Suurballe's algorithm

Definitions

Find shortest path P1
Recalculate the edge weith by w′(u,v) = w(u,v) − d(s,v) + d(s,u)
Create a residual graph Gt formed from G by removing the edges of G on path P1 (leave a reserve zero path)
Find the shortest path P2 in the residual graph Gt
Discard the reversed edges of P2 from both paths

The remaining edges of P1 and P2 form a subgraph have no common edges.
Return the two disjoint paths from the subgraph.

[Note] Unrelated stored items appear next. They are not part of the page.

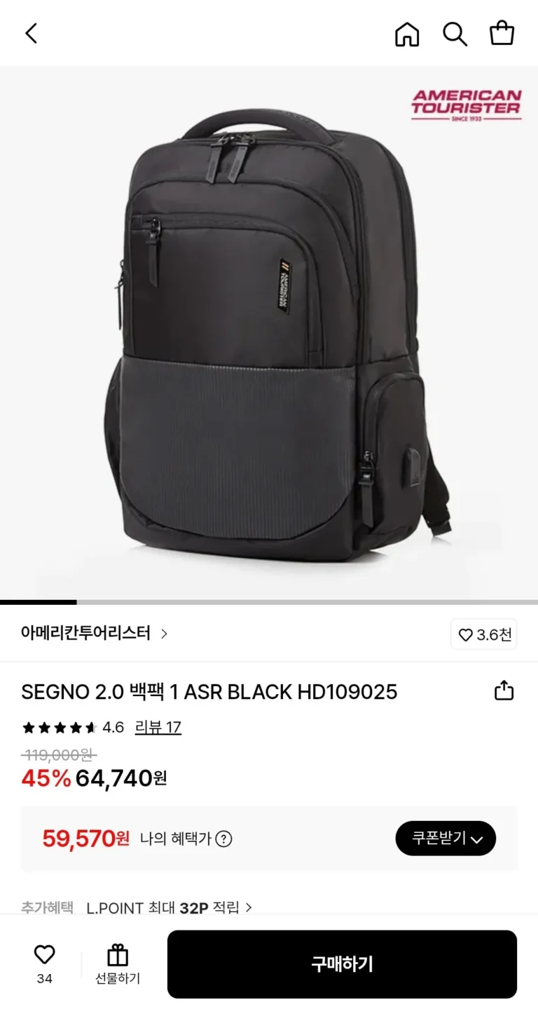 Balo American Tourister SEGNO 2.0 1 ASR BLACK HD109025 (Thẻ)
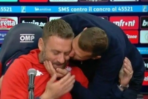體育資訊11月11日訊 在上輪意甲聯(lián)賽的賽后新聞發(fā)布會上,哲科“強(qiáng)吻”昔日隊友德羅西。
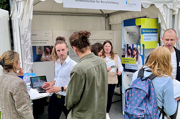 Wir waren mit dem Programm Nachhaltig im Beruf am 4. und 5. Juni bei der Woche der Umwelt in Berlin vertreten. Es war eine tolle Veranstaltung mit vielen interessierten Besucherinnen und Besuchern und spannenden Gesprächen. Das Umsetzungsprojekt ZBN gab erste Einblicke in die spielebasierte Bildungs-App, die für die nachhaltigkeitsbezogene Qualifizierung des ausbildenden Personals erweitert wird. Die Woche der Umwelt wird vom Bundespräsidenten in Zusammenarbeit mit der Deutschen Bundesstiftung Umwelt ausgerichtet.
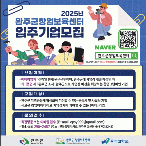 [È£³²±Ç] ¿ÏÁÖ±º, â¾÷º¸À°¼¾ÅÍ ÀÔÁÖ±â¾÷ ¸ðÁý ¡®ÃÖ´ë 3³â Áö¿ø¡¯ |2025. 10.16
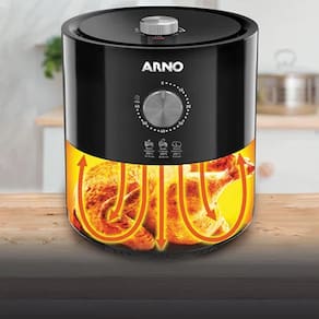 O sistema "Hot Air" da Arno, tecnologia de circulação de ar dentro do aparelho garante muita crocância mesmo sem uso de óleo e resultados mais homogêneos. Outra grande vantagem é a sua super capacidade de 4,2 Litros que servem até 6 Pessoas.
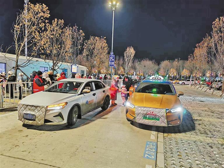 夜幕降临,冰雪大世界外,出租车整齐排队候客,执法人员在现场巡查监管。“以前听说有些地方打车难、乱要价,这次来哈尔滨,发现出租车都很规范,打表计费,司机师傅还热情地给我们介绍景点。”来自广东的游客李先生说。
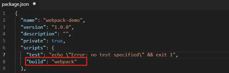 四、在package.json文件中添加一个npm脚本,这样运行本地的webpack比较方便
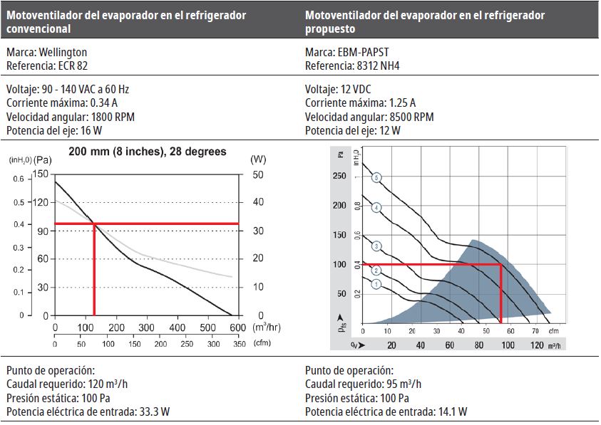 El rango obtenido para seleccionar el nuevo motoventilador está entre 92.50 m3/h y 117.65 m3/h. Explorando distintos fabricantes, se seleccionó un motoventilador de la marca EBM-PAST con un caudal de 95 m3/h, que cumple con el rango establecido. La tabla 8 compara las características del actual motoventilador, que en realidad maneja 120 m3/h, y el motoventilador elegido.
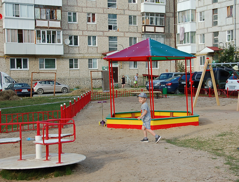 В каре домов 32–33 мальчишки гоняют мяч, не опасаясь случайно попасть в припаркованную неподалеку машину – ограждение удержит случайный полет мимо ворот. Кстати, к футбольному полю прилагались и новые футбольные ворота. А рядом на площадке разместились качели, карусель, спортивный комплекс, просторная песочница, удобные скамейки – все в ярких цветах.
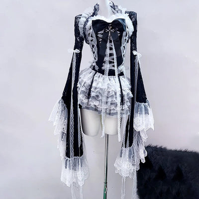 Knotted mesh solid long sleeve lace patchwork self tie mini skirt set
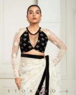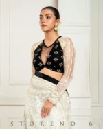 • Half And Half Full Sleeve Blouse With Zari nd Sequins Embroidered Black Velvet and Off-White Thread and Sequins Embroidered Net.
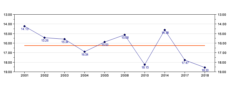| Antall deltagelser | 10 (i perioden 2001 - 2018) |
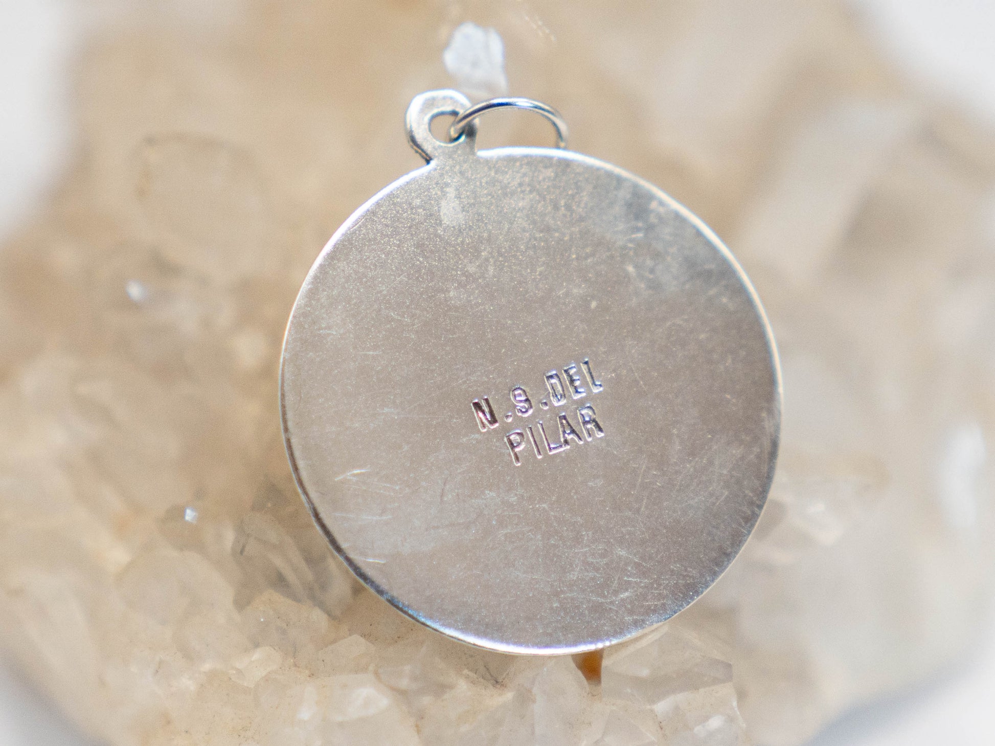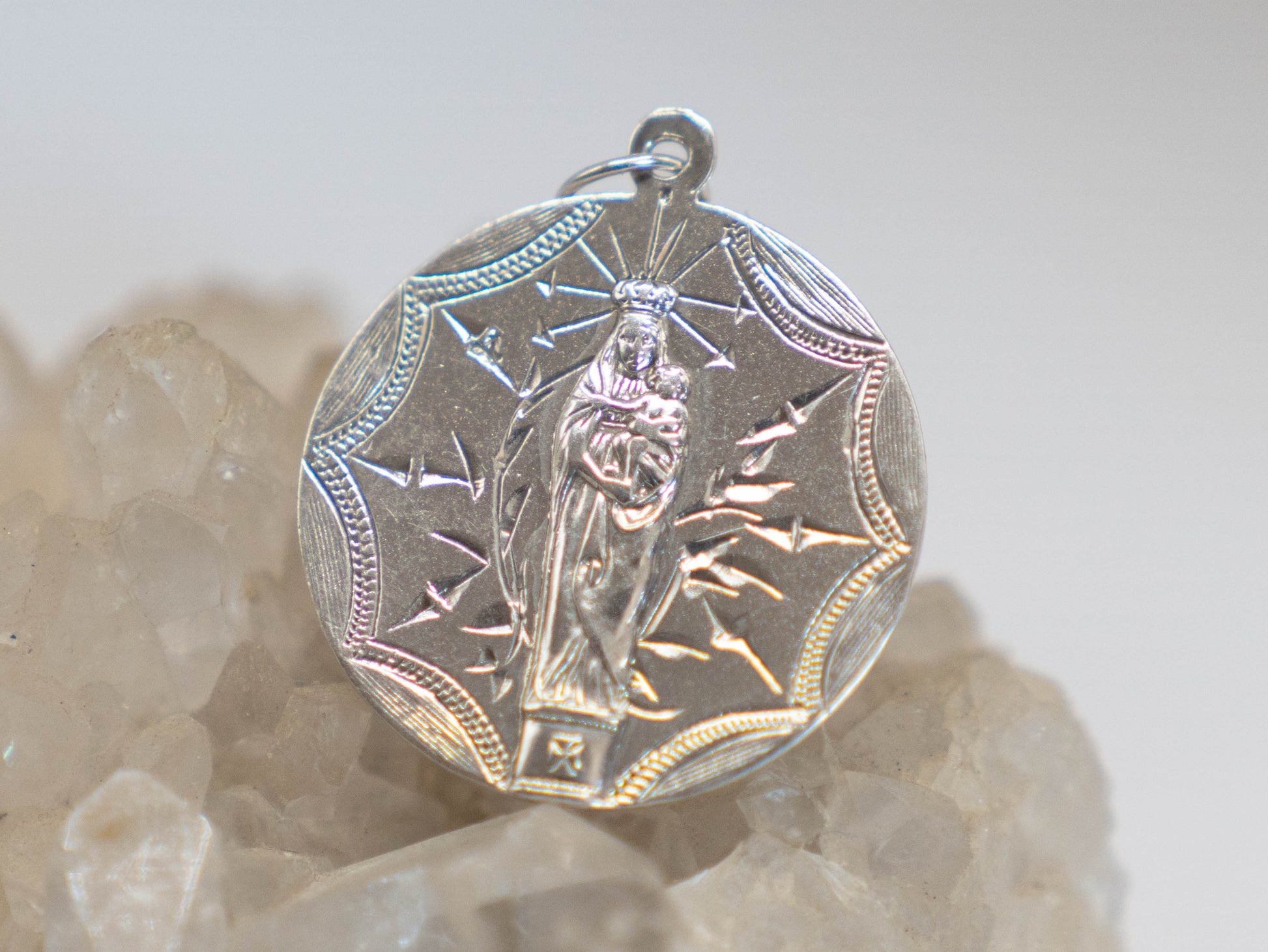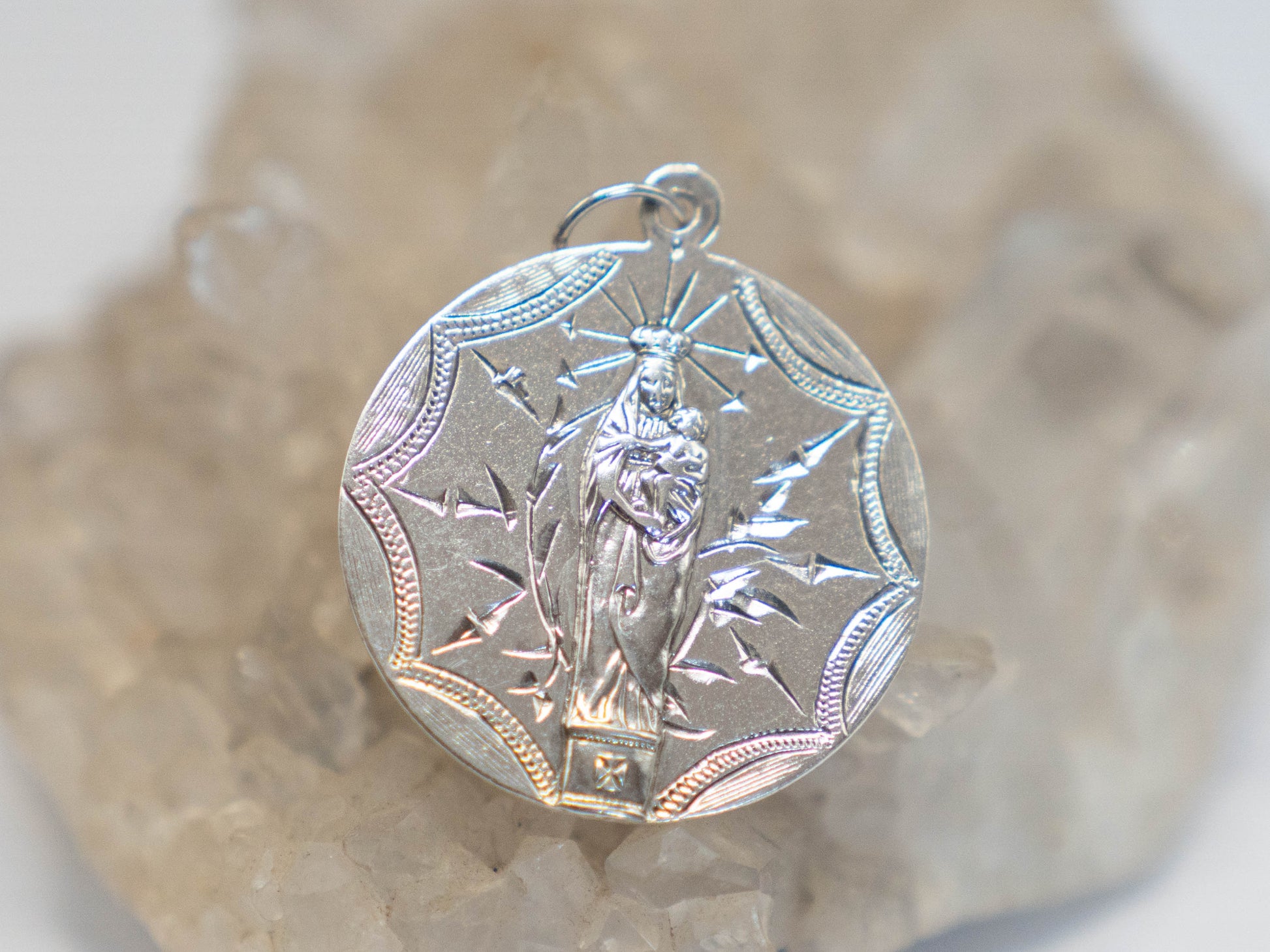 The Black Madonna of Montserrat is venerated on an ancient hill above Barcelona, the site of an ancient temple to Venus. For thousands of years the Divine Feminine has been venerated on this site, and this statue represents not only the Christian incarnation of such energy but all manifestations of the powerful protection of women. Remain seen, loved, and protected with this talisman. The Divine love of the Virgin Mary is unmatched and unwavering. Her many facets provide elevated, multidimensional protection, allowing you to journey through the unknown with peace of mind. Engraved in this silver talisman, we see her cradling her baby, waiting to heal and protect the inner child that lives within you.
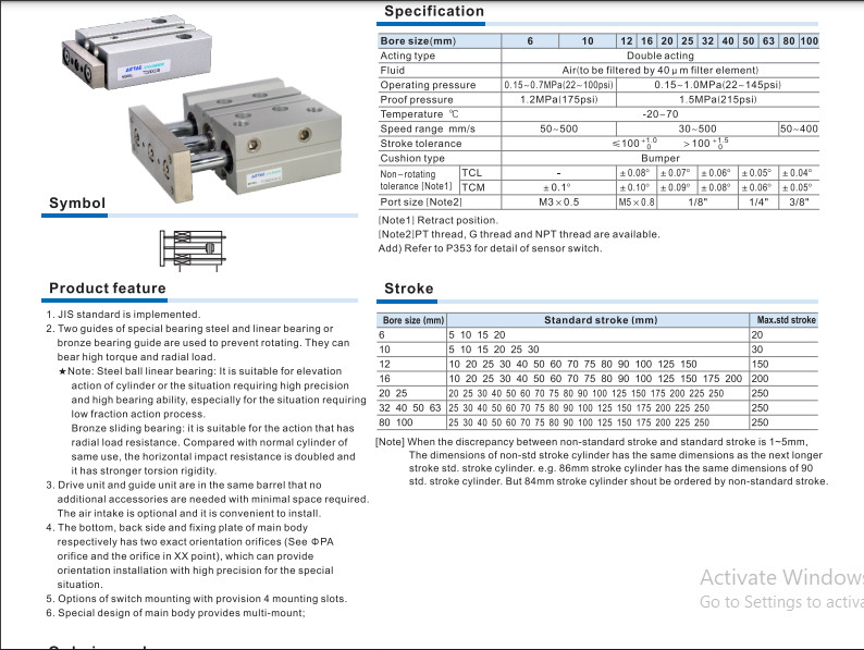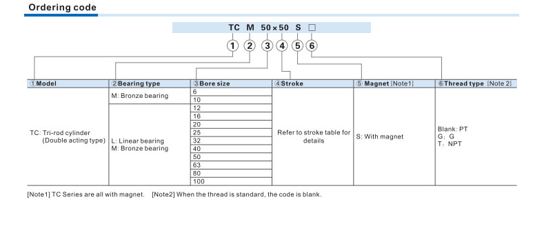 THÔNG SỐ KĨ THUẬT XI LANH KHÍ NÉN AIRTAC TCM Series

Figure A illustrates a weighted graph G.
Figure B calculates the shortest path P1 from A to F (A–B–D–F).
Figure C illustrates the shortest path tree T rooted at A, and the computed distances from A to every vertex (u).
Figure D shows the residual graph Gt with the updated cost of each edge and the edges of path ‘P1 reversed.
Figure E calculates path P2 in the residual graph Gt (A–C–D–B–E–F).
Figure F illustrates both path P1 and path P2.
Figure G finds the shortest pair of disjoint paths
Combining the edges of paths P1 and P2 and then discarding the common reversed edges between both paths (B–D).
As a result, we get the two shortest pair of disjoint paths (A–B–E–F) and (A–C–D–F).